Connaître, protéger, gérer et valoriser les espaces naturels de Lorraine

plaine et étang du Bischwald

CENL - AISE - GECNAL - LELLING - CASAS

Weekend nature 2018 - 4ème édition

Les exposants

 

Cette année 10 exposants ont été invités à présenter leur travail photographique autour de la nature.

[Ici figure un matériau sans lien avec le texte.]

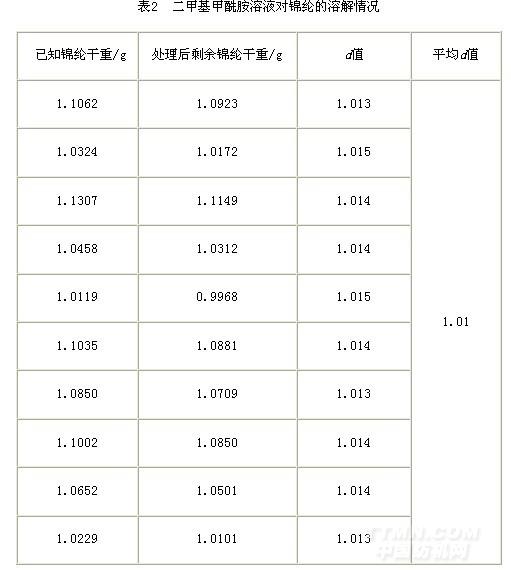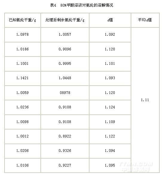從表3來看,我們在不考慮80%甲酸對氨綸的影響時,按d值取1.00進行計算,結果氨綸重量損失百分率在-1.1%~-2.5%之間。這說明甲酸溶解氨綸時對錦綸的影響較大。

Les expositions seront installées en intérieur dans la salle du Foyer à Lelling (voir le plan de la salle). Elles seront visibles le samedi 2 juin de 10h à 20h et le dimanche 3 juin de 10h à 18h.

 

En savoir plus sur chacun des exposants:

David Aupermann

Marcel DUBOIS

Frank Formaux

Rahima Hadid Gournant

Gérard Hequet

Olivier Henrion

Jacques Kunzler

Joachim Ratsch

Marco Sabbadini

Pierre Schmitt

Marlyse Wagner

 ligne verte séparation

 

David Aupermann - Sur les ailes de la nuit

L’exposition  présente 10 photos de chauves - souris  évoluant dans leurs milieux naturels. Une fois  la nuit tombée et sorties de leurs cachettes diurnes, où vont-elles et que font-elles ? Terrains de chasse, chemins de transit ou sites de repos. Ici sont présentés quelques endroits cachés : vieux pont de pierres, ruisseaux reculés  ou grottes mystérieuses… Ces images sont une invitation à un petit voyage sur les ailes de la nuit

 

 

Marcel Dubois

BILLEBAUDE ???  Quésaco ?  Je suis un Amoureux de Dame Nature, accompagné de mes appareils photos souvent seul et très tôt, je me laisse porter par la douce quiétude matinale accompagnée des chants de nos amis ailés.

De l'infiniment petit à l'infiniment grand, je suis contemplatif et méditatif de toutes ces beautés que Dame Nature nous offre !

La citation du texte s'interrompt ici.